Filter the records below for the word "yellow". Keep each line that has it.

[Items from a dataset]
________________________

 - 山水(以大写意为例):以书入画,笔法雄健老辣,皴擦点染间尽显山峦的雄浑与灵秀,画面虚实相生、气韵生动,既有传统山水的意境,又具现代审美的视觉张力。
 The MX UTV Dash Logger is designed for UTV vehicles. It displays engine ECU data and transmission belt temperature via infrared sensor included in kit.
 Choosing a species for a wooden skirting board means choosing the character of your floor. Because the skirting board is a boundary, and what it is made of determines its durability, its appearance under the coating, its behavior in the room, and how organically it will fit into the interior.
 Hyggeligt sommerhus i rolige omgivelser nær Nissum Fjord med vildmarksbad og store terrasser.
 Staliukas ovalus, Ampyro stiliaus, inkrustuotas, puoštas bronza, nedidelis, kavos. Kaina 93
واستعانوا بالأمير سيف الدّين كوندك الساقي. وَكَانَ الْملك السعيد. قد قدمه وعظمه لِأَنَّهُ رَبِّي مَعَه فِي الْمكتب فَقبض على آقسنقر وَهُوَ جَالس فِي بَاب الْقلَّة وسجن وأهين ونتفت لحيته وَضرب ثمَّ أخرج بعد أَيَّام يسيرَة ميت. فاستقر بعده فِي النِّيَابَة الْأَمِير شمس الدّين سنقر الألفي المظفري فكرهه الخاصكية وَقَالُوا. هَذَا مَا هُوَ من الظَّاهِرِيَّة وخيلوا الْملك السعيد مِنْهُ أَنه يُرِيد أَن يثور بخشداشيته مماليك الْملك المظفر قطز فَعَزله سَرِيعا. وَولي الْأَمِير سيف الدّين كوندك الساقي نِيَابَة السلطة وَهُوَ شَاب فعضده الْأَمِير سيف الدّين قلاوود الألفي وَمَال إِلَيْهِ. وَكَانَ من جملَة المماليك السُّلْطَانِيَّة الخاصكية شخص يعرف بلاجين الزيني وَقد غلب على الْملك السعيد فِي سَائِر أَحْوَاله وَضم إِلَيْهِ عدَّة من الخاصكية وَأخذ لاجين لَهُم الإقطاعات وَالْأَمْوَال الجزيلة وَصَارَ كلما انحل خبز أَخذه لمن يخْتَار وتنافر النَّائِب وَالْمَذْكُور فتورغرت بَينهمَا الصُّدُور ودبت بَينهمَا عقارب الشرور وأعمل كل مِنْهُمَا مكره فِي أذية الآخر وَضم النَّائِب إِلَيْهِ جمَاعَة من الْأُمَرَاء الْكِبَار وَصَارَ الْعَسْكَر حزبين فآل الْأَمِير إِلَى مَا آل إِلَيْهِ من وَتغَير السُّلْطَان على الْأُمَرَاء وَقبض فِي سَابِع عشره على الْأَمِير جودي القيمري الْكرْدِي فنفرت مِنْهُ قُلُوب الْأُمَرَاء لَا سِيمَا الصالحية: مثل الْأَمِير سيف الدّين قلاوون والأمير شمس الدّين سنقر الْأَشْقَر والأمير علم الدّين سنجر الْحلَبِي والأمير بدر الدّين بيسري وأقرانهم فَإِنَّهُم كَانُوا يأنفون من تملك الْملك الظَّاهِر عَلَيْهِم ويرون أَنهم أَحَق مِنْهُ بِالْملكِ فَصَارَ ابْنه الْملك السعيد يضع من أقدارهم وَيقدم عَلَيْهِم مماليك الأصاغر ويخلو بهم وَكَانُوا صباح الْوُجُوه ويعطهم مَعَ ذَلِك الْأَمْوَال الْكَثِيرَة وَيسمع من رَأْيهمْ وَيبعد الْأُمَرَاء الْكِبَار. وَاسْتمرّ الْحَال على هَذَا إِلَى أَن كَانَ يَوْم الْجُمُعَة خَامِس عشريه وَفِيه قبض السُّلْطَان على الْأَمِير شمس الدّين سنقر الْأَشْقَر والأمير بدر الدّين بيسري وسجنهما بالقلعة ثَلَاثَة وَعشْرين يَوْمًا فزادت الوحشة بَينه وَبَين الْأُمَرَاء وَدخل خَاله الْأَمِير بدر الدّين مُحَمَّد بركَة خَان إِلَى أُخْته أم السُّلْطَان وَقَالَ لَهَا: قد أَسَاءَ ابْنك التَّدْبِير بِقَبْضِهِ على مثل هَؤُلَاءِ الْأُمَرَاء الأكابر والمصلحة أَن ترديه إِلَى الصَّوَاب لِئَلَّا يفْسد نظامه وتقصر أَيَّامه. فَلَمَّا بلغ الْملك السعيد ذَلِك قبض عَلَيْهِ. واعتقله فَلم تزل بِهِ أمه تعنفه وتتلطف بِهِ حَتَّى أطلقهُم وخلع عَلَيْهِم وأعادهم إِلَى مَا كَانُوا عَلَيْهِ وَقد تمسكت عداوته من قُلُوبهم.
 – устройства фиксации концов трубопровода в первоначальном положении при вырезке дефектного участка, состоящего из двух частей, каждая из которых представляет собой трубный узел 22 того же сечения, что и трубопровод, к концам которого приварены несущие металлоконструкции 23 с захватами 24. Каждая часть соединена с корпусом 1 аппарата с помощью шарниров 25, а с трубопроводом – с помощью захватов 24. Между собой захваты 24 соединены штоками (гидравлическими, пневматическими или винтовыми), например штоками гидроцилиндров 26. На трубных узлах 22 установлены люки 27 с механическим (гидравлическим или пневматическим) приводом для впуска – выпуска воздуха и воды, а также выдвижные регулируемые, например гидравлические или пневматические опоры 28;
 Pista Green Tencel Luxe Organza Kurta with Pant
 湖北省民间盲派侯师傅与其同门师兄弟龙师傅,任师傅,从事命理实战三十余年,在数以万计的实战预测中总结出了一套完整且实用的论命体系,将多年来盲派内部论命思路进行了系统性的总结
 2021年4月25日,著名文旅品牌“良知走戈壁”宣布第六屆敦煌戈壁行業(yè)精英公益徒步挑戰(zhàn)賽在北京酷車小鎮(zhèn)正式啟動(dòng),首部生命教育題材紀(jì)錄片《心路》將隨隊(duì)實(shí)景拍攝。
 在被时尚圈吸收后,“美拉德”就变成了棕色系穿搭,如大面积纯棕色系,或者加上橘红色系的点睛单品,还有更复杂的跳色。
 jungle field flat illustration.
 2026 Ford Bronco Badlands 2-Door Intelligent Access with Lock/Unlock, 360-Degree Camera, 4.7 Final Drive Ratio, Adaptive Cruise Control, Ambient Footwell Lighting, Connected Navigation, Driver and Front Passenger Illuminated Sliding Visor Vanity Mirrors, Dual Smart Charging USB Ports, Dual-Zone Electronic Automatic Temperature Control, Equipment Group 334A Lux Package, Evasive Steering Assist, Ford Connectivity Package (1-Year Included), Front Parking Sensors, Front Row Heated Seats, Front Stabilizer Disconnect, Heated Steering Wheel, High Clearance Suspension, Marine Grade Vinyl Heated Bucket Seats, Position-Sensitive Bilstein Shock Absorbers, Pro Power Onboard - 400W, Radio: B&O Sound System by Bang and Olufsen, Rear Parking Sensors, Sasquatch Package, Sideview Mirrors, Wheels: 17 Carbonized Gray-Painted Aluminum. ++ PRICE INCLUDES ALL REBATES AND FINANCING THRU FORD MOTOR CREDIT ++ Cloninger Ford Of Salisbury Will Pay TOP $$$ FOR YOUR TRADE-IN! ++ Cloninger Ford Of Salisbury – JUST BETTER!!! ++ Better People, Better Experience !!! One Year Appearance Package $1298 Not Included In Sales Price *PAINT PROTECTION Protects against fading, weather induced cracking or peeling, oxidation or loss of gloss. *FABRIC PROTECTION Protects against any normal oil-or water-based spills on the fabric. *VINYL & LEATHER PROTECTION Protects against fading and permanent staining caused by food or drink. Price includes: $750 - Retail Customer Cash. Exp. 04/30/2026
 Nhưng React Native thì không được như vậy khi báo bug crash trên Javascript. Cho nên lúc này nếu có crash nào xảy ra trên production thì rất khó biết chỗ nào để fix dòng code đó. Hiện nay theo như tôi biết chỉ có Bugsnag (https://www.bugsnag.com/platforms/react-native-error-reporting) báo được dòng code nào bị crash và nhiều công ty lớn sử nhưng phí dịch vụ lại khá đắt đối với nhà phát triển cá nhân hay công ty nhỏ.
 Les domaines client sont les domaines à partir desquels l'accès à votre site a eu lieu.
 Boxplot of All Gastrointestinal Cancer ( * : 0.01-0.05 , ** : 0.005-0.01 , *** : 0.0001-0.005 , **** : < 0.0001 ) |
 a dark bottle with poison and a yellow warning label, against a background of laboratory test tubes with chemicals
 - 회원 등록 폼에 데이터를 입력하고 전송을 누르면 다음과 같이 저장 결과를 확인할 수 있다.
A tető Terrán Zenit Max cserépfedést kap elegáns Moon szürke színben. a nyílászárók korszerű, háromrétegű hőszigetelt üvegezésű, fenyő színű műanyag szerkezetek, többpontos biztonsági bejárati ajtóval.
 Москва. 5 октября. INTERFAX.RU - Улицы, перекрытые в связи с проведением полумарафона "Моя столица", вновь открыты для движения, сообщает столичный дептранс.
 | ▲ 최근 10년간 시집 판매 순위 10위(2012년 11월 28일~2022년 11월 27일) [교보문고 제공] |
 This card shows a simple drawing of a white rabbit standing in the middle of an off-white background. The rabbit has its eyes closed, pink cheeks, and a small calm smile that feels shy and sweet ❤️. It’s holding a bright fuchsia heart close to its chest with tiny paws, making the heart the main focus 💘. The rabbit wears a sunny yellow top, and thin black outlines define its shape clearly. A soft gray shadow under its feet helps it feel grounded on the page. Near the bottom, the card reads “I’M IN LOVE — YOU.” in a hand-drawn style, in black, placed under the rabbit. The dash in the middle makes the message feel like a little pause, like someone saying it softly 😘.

________________________

Result:
 a dark bottle with poison and a yellow warning label, against a background of laboratory test tubes with chemicals
 This card shows a simple drawing of a white rabbit standing in the middle of an off-white background. The rabbit has its eyes closed, pink cheeks, and a small calm smile that feels shy and sweet ❤️. It’s holding a bright fuchsia heart close to its chest with tiny paws, making the heart the main focus 💘. The rabbit wears a sunny yellow top, and thin black outlines define its shape clearly. A soft gray shadow under its feet helps it feel grounded on the page. Near the bottom, the card reads “I’M IN LOVE — YOU.” in a hand-drawn style, in black, placed under the rabbit. The dash in the middle makes the message feel like a little pause, like someone saying it softly 😘.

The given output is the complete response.